Merger control aspects, including potential remedies, must be prepared well in advance to be able to change course quickly if need be. A legal partner with a global reach, able to deal with the trans-national aspects of the transaction efficiently, is a must.

In your experience, what makes a difference in obtaining clearance quickly?
​​​​​
Obtaining clearance quickly requires anticipation. This means gathering relevant information such as economic data well ahead of signing if possible.

Data gathering and shaping often consumes a lot of time and has to be started as early as possible, otherwise it risks delaying pre-notification discussions. Remedies anticipation is also key: if the deal is likely to require remedies, they should be framed very early on, well ahead of the first contact with the authorities.

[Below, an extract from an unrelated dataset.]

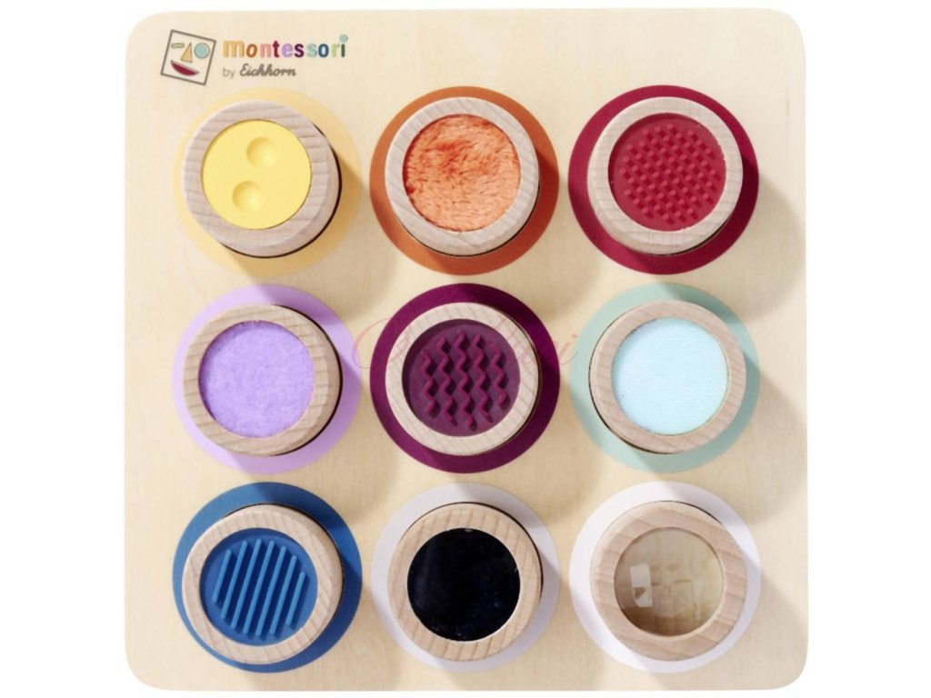 Vnímání je pro dítě důležitým smyslovým vývojem. Hra s různými povrchy a materiály podporuje hmat. Naše Montessori hmatová deska má 9 senzorických válců, ve kterých si dítě může osahat povrchy a textury. Montessori hmatová deska je vyrobena ze 100% bukového dřeva a překližky s certifikací FSC a je vhodná pro děti od 3 let.

Finally, in a complex deal requiring many filings, the sequencing of such filings is key and should be planned early on.

What merger control issues did you observe in the past year that surprised you?

The most surprising trend is the high number of transactions that have been abandoned. This is mainly due to the fact that parties now notify the planned deal earlier than in the past, before having carefully analysed all the competition issues, and that the pre-notification stage enables the parties to identify insurmountable competitive concerns before any formal decision is reached.

The past year was also marked by the increasing number of challenges against FCA decisions by interested parties, including through emergency suspensive procedures. Clients and their advisors thus need to prepare for another obstacle to the closing of the transaction, even after the FCA has given clearance.